NIGERIA WIRE IND. PLC
COURT OF APPEAL
(LAGOS DIVISION)
CA/L/398/97
THURSDAY, 15TH APRIL, 1999
3PLR/1999/61 (CA)
OTHER CITATIONS
5 NWLR PART 602 PAGE 326
BEFORE THEIR LORDSHIPS:
IGNATIUS CHUKWUDI PIUS-ACHOLONU, JCA
PIUS OLAYIWOLA ADEREMI, JCA
AMIRU SANUSI, JCA
BETWEEN
EUROPEAN TRADE & FINANCE. CORPORATION PLC.
AND
NIGERIA WIRE INDUSTRIES PLC.
MAIN ISSUES
COMMERCIAL LAW– Shares – Transfer of shares – Transfer of shares to an allotee outside Nigeria – When valid – Sections 7 and 1 0(1), Exchange Control Act considered. When deemed effected Section 152(2), Companies and Allied Matters Act.
PRACTICE AND PROCEDURE – COURT – Illegality – Whether court will aid.
PRACTICE AND PROCEDURE – Cause of action – Applicable law thereto – How determined – Guiding principles.
Issue:
Whether the transfer or sale of the Mitsui shares to the 2nd appellant is valid and enforceable having, regard to the provisions of the Exchange Control Act, 1962.
Facts.
Mitsui and Company Limited is a shareholder in the respondent company. In 1991, Mitsui and Company Limited sold and assigned to the 2nd appellant (a foreign company) its share of 1,500,000 ordinary shares by a deed of assignment. On 20th December, 1991, it wrote to the respondent notifying it of the said assignment. The 2nd appellant then appointed Centre Point Investments Limited, a member of the Nigerian Stock Exchange, as a broker to endeavour to perfect the transfer of the shares. Centre Point Investments Limited applied for permission from the Nigerian Stock Exchange Commission, and permission was granted.
The 2nd appellant, on the strength of the permission, paid the sum of U$$ 275000 for the shares to Mitsui and Company Limited. Centre Point Investments Limited thereafter lodged with the respondent’s registrar, UBA Registrars Plc. all necessary documents to enable it effectuate the transfer. These efforts notwithstanding, the respondent refused to accept the said transfer and when the appellants insisted, the respondent sued the appellants at the High Court.
The respondent sued for a declaration that the 1,500,000 shares held by Mitsui and Company Limited have been forfeited or surrendered to the respondent; that the purported sale or transfer of the shares to the 2nd appellant is illegal and void; that the appellants are not shareholders in the respondent company. The respondent also sought for an injunction restraining the appellants from acting or purporting to act or continuing to act in pursuance of tae said sale or transfer and an injunction restraining the appellants from acting or holding themselves out as shareholders or members of the respondent company or from otherwise intermeddling in the company’s business or the management of its affairs; and an injunction restraining Mitsui and Company Limited from purporting to act or hold itself out as a shareholder or member of the respondent company.
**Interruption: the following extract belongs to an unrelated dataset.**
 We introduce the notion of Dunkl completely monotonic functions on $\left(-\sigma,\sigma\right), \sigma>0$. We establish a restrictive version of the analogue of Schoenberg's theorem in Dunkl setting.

The appellants denied the respondent’s claims and counter-claimed for a declaration that the 2nd appellant is a shareholder and member of the respondent company holding 1,500,000 ordinary shares of 50 kobo each; a declaration that the transfer 6f 1,500,000 ordinary shares of 50 kobo each by Mitsui and Company Limited to the 2nd appellant is valid and effective; an order compelling the respondent to register the 2nd appellant as the proprietor and owner of the 1,500,000 shares in the respondent company; an order allowing the 2nd appellant to enjoy its rights, entitlements and privileges in the respondent without hindrance from the respondent; and an order that the proceedings of the Board of Directors of the respondent wherein it was purportedly resolved that the transfer of the 1,500,000 ordinary shares by Mitsui and Company Limited to the 2nd appellant was rejected by the board is ultra vires, unlawful and void and that the respondent cannot refuse or reject the transfer of the said shares to the 2nd appellant.
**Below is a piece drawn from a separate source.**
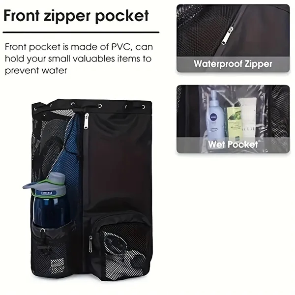 Description:The Mesh Drawstring Backpack is a beach and gym essential designed for those who need a versatile and functional bag. This swimming bag features a breathable mesh material that allows for quick drying of wet items, making it perfect for carrying damp swimwear or gym clothes. The drawstring closure ensures that your belongings stay secure while the separate wet compartment keeps your dry items protected. Ideal for cross-border travel, this bestseller is a must-have for anyone who frequents the beach or gym, providing a practical solution for organizing and transporting your gear.

At the conclusion of the trial, the trial court, in a reserved judgment, granted the respondent’s claims in part. It held that the transfer of Mitsui and Company Limited’s shares to the 2nd appellant is valid and effective but subject to obtaining the subsequent consent of the Federal Minister of Finance. The court refused to compel the respondent to register the 2nd appellant as its shareholder.
The appellants were aggrieved by the judgment and they appealed to the Court of Appeal. The respondent, also dissatisfied with certain portions of the trial court’s judgment, cross-appealed.
Held (Unanimously dismissing the appeal and allowing the cross-appeal):
Per- PIUS-ACHOLONU, J.C.A. “In their appellants’ reply brief the appellants contended relying on the provision of section 152(2) of the Companies and Allied Matters Act which states that:
‘Until the name of the transferee is entered in the register of members in respect of the transferred shares the transferor shall so far as it concerns the company be deemed to remain the holder of the shares’ shall be construed to mean that a transfer or sale remains a proposed one until the name of the transferee is entered in the register of members. This seems to me over- simplification of a complex problem. The truth of the matter is that there has not been any transfer at all. The whole transaction smacks as an underhand effect and surreptitious move to thwart the intent of the laws and ridicule the authority of the various approving authorities.
In my view the appellants behaved indecently throughout the transaction. 1 will however praise the counsel for the appellants in trying to make sense out of obviously hard situation.